■ Directions:
In the records below, find the line with "Beli hafif büzmeli iki düğmeli kot pantolon", then retype it and every following line exactly, stopping after the line with "more environmentally friendly.". Leave the pictures out.

■ Listed entries:
════════════════
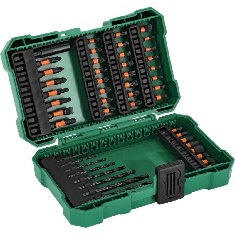 • sada obsahuje rázové bity z oceli S2 v různých provedeních, také vrtáky z rychlořezné oceli HSS, které lze použít k vrtání do různých kovů a tvrdých dřev
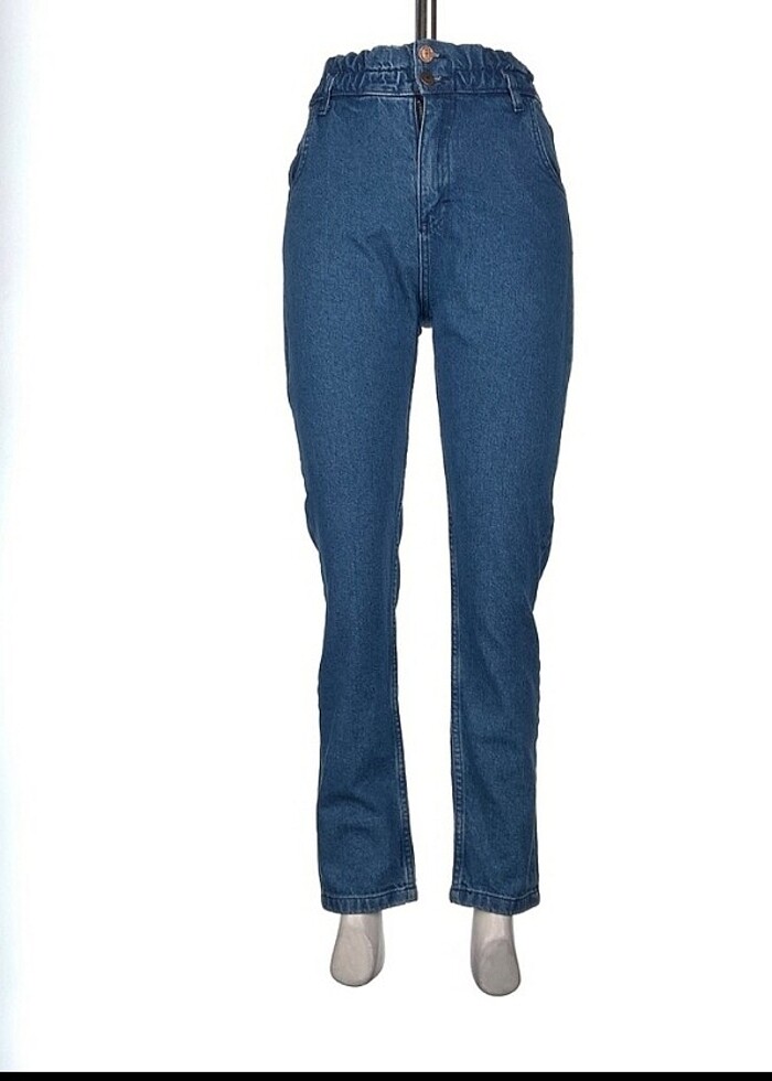 Beli hafif büzmeli iki düğmeli kot pantolon
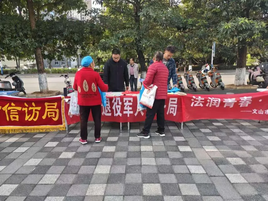 近日,文山市退役军人事务局采取多种形式开展2026年“三月法治宣传月”宣传活动。组织干部职工集中学习《中华人民共和国退役军人保障法》等法律法规,在国家安全公园设点发放宣传资料200份,并深入挂钩社区入户开展未成年人法治宣传教育。
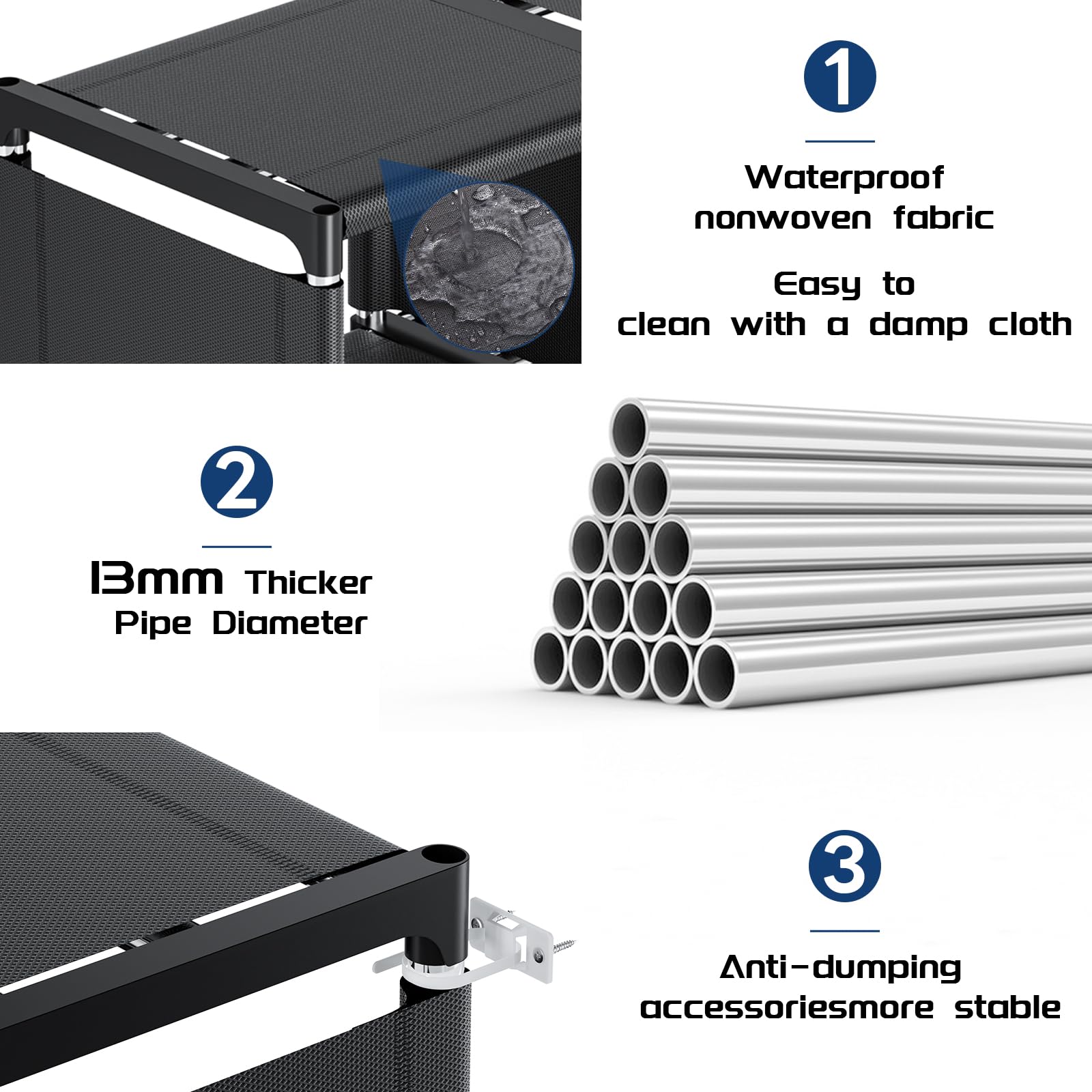 【Several High-quality Materials】:Our products are made of various materials, including metal tubes, ABS plastic compounds, and non-woven fabrics. The combination of these materials is water resistance and easier to clean, while helping you maintain an overall aesthetic. The joint is made of high-quality plastic, which has high stability and is more environmentally friendly.
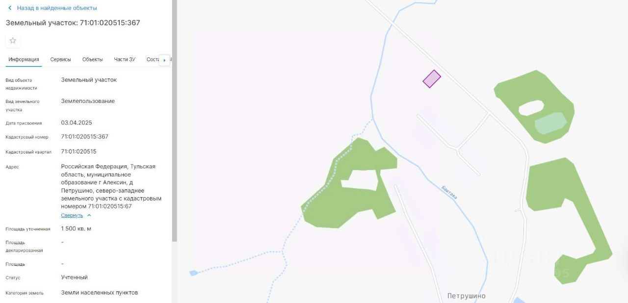 продажа земельного участка из земель населенных пунктов с кадастровым номером 71:01:020515:367, площадью 1500 кв. м, адрес: Российская Федерация, Тульская область, МО г. Алексин, д. Петрушино, северо-западнее земельного участка с кадастровым номером 71:01:020515:67, вид разрешенного использования: для индивидуального жилищного строительства.
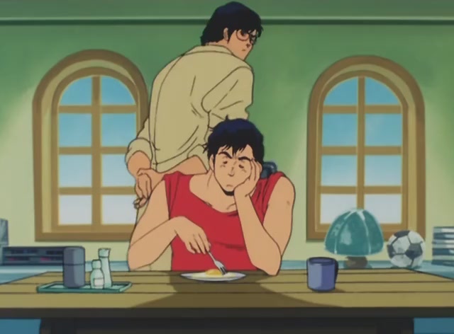 Le style graphique de HÔJÔ, si détaillé et crayonné, a été modifié pour mieux coller à un aspect animé mais reste très correct, allant en fait du bon au très bon selon les saisons. Il y a eu un ou deux épisodes assez laids faits en sous-main (vous savez, ces épisodes sous-traités ou réalisés à la va vite pour des raisons de coûts ou de retards de production, car il faut respecter les plannings. Ceux qui se souviennent de Nadia comprendront), mais le rendu reste plutôt bon pour l’époque. Malgré le nombre de personnages secondaires (les clientes) et le travail fait pour les adapter à l’anime, il y en a rarement deux qui se ressemblent (ça arrive quand même qu’on se dise « on l’a pas déjà vue, elle ? »). L’anime reste dans un modèle assez « classique » de speedlines (ces plans où l’on ne voit plus le décor mais juste des couleurs et lignes pour simuler un déplacement rapide) et de personnages secondaires immobiles dans les décors.
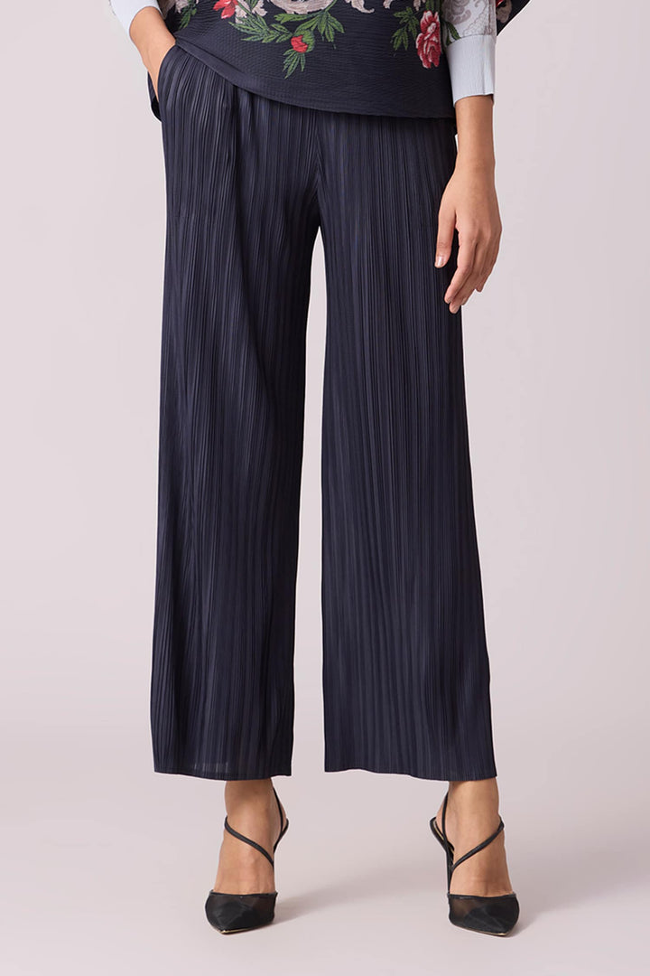 Powder blue, black pleated top with art deco floral print. Paired with pleated straight pant.
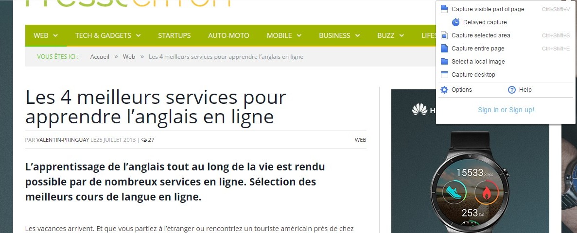J’aime cet outil qui donne plusieurs options pour capturer l’image d’un site internet : capturer ce qui est visible, capturer une zone de l’écran, capturer la page entière (l’option que je trouve la plus utile)…
════════════════
■ Solution to this task:
 Beli hafif büzmeli iki düğmeli kot pantolon
 近日,文山市退役军人事务局采取多种形式开展2026年“三月法治宣传月”宣传活动。组织干部职工集中学习《中华人民共和国退役军人保障法》等法律法规,在国家安全公园设点发放宣传资料200份,并深入挂钩社区入户开展未成年人法治宣传教育。
 【Several High-quality Materials】:Our products are made of various materials, including metal tubes, ABS plastic compounds, and non-woven fabrics. The combination of these materials is water resistance and easier to clean, while helping you maintain an overall aesthetic. The joint is made of high-quality plastic, which has high stability and is more environmentally friendly.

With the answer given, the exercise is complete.